- [EXERCISE GOAL] Nothing but the lines from the one showing "酒も充実している。焼酎ロック" through the final line of the data below belongs in the answer, duplicated exactly and without pictures.
__________
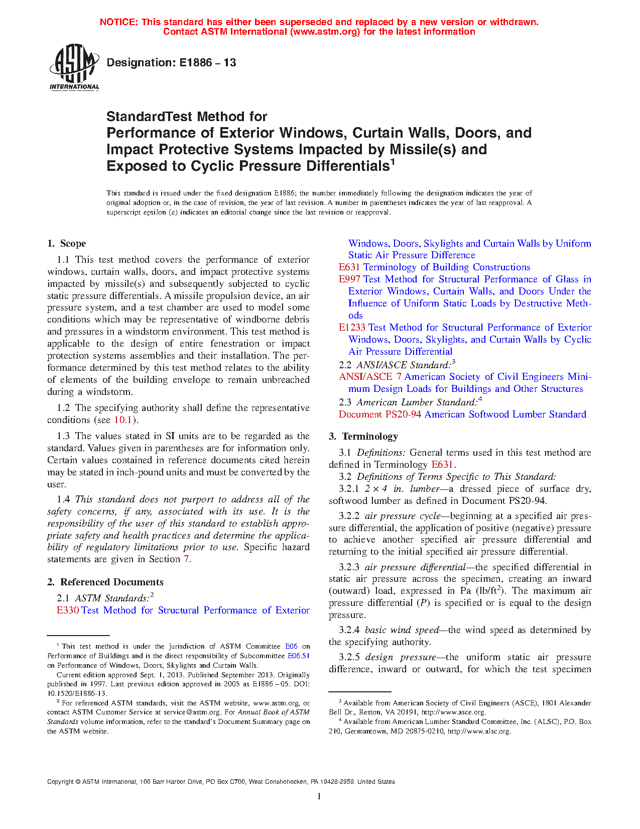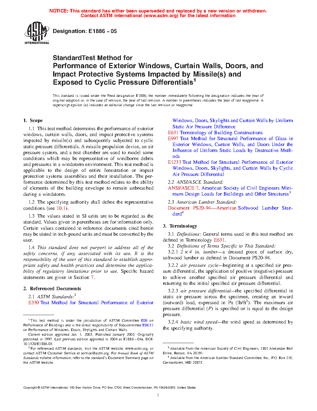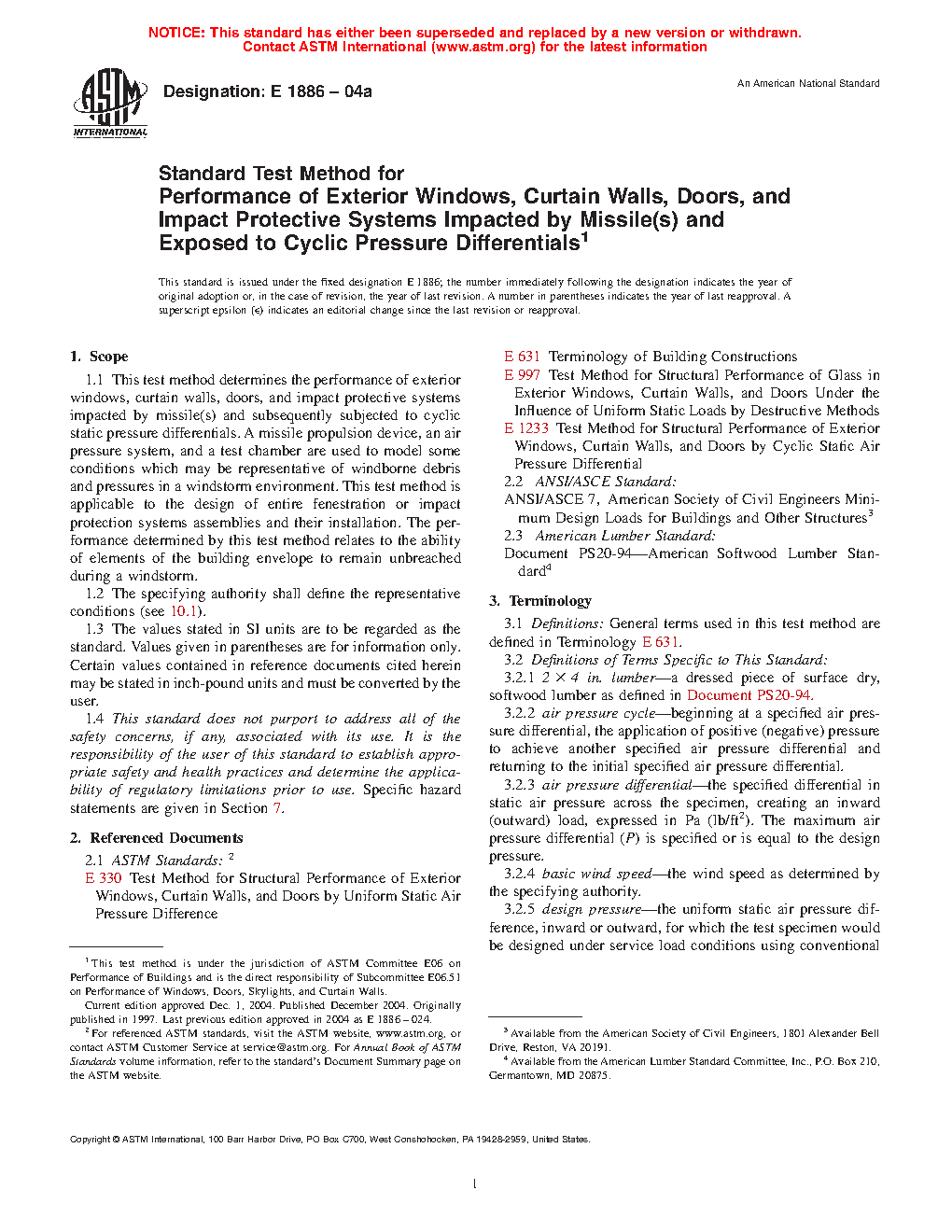 1.1 This test method determines the performance of exterior windows, curtain walls, doors, and storm shutters impacted by missile(s) and subsequently subjected to cyclic static pressure differentials. A missile propulsion device, an air pressure system, and a test chamber are used to model some conditions which may be representative of windborne debris and pressures in a windstorm environment. This test method is applicable to the design of entire fenestration or shutter assemblies and their installation. The performance determined by this test method relates to the ability of elements of the building envelope to remain unbreached during a windstorm.
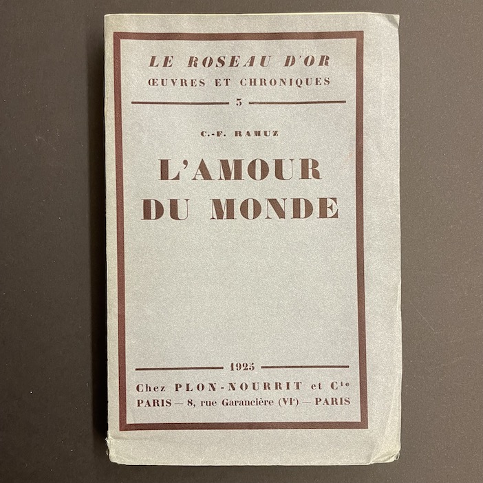 RAMUZ (C.-F.) L'amour du monde. Paris, Plon-Nourrit et Cie (coll. Le roseau d'or), 1925.
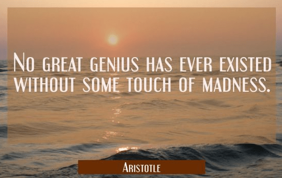 “There is no great genius without some touch of madness.” Aristotle
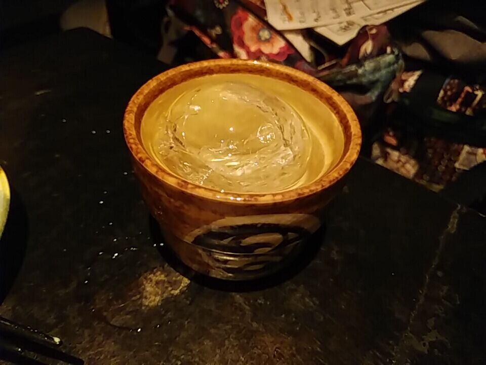 酒も充実している。焼酎ロックで頼むと丸い氷が入った器に焼酎を注いでもらい、パキパキと音を楽しめる。
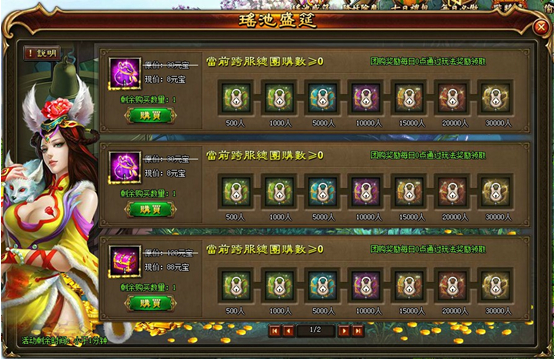 本周新增活动一:瑶池盛筵开启活动时间:2014年5月14日00:00——2014年5月20日23:59活动内容:玩家每日可购买瑶池盛 ...
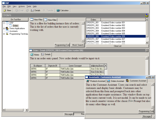 アシスタント・ウィンドウはエンドユーザーが現在使用中のメイン・フレームワーク・ウィンドウの前面に表示されます。アシスタントはメイン・ウィンドウのアプリケーションと任意の方法で対話処理が可能です。例えば、Customer Assistantで顧客を選択すると顧客番号が下のOrder Entryフォームの顧客番号入力フィールドに表示される場合があります(これは従来の非モーダルなF4=プロンプト対話処理です)。
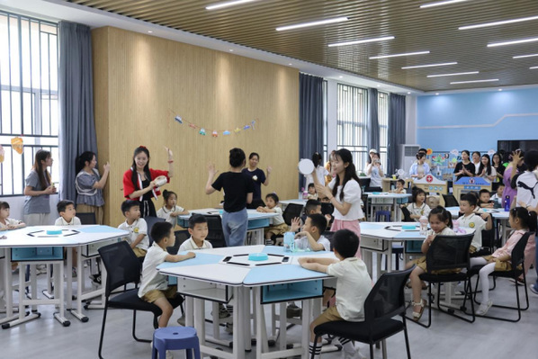 按“一班一活动,一师一幼儿,一室一指导”的原则,贴合实训室的特点,活动在早期阅读实训室、蒙台梭利实训室、保育实训室、手工实训室、智慧幼儿园实训室、奥尔夫实训室和物理演示实验室同时进行。大学生们精心策划了活动,包括科技展览、皮影戏、手工制作、音乐游戏、趣识动物、娱乐互动等。这些活动不仅推动孩子们的能力发展,还增进了师生的互动与交流。孩子们在活动中展现出高昂的热情和积极性,他们与老师一起完成任务,在快乐中接受知识,在观察中学会思考。
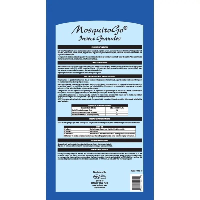 Ferti-lome® MosquitoGo® granules can be used around shrubbery, flowerbeds, vegetable gardens, and lawns. The scent of Ferti•lome® MosquitoGo® will repel ants, fleas, roaches, beetles, crickets, chiggers, chinch bugs, flies and gnats. Where treated, this product will repel insect pests resulting in a migration of unwanted pests. It is impossible to eliminate an insect population. The secret of insect control is not to kill, but to repel. Ferti•lome® MosquitoGo® has no detrimental effect on beneficial insects, including bees, butterflies, and ladybugs.
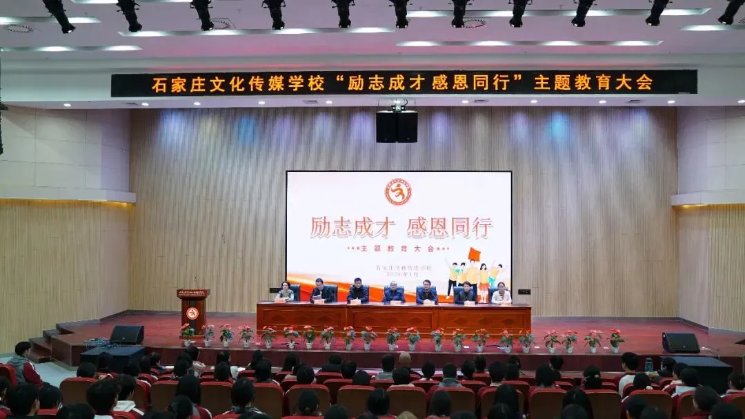 冬日暖阳沐人心,逐梦青春正当时。2026年1月8日,石家庄文化传媒学校隆重举行“励志成才 感恩同行”主题教育大会。获得国家奖学金、助学金的学生齐聚一堂,共同见证荣誉时刻。
__________
- [WRITTEN RESPONSE]
 酒も充実している。焼酎ロックで頼むと丸い氷が入った器に焼酎を注いでもらい、パキパキと音を楽しめる。
 本周新增活动一:瑶池盛筵开启活动时间:2014年5月14日00:00——2014年5月20日23:59活动内容:玩家每日可购买瑶池盛 ...
 アシスタント・ウィンドウはエンドユーザーが現在使用中のメイン・フレームワーク・ウィンドウの前面に表示されます。アシスタントはメイン・ウィンドウのアプリケーションと任意の方法で対話処理が可能です。例えば、Customer Assistantで顧客を選択すると顧客番号が下のOrder Entryフォームの顧客番号入力フィールドに表示される場合があります(これは従来の非モーダルなF4=プロンプト対話処理です)。
 按“一班一活动,一师一幼儿,一室一指导”的原则,贴合实训室的特点,活动在早期阅读实训室、蒙台梭利实训室、保育实训室、手工实训室、智慧幼儿园实训室、奥尔夫实训室和物理演示实验室同时进行。大学生们精心策划了活动,包括科技展览、皮影戏、手工制作、音乐游戏、趣识动物、娱乐互动等。这些活动不仅推动孩子们的能力发展,还增进了师生的互动与交流。孩子们在活动中展现出高昂的热情和积极性,他们与老师一起完成任务,在快乐中接受知识,在观察中学会思考。
 Ferti-lome® MosquitoGo® granules can be used around shrubbery, flowerbeds, vegetable gardens, and lawns. The scent of Ferti•lome® MosquitoGo® will repel ants, fleas, roaches, beetles, crickets, chiggers, chinch bugs, flies and gnats. Where treated, this product will repel insect pests resulting in a migration of unwanted pests. It is impossible to eliminate an insect population. The secret of insect control is not to kill, but to repel. Ferti•lome® MosquitoGo® has no detrimental effect on beneficial insects, including bees, butterflies, and ladybugs.
 冬日暖阳沐人心,逐梦青春正当时。2026年1月8日,石家庄文化传媒学校隆重举行“励志成才 感恩同行”主题教育大会。获得国家奖学金、助学金的学生齐聚一堂,共同见证荣誉时刻。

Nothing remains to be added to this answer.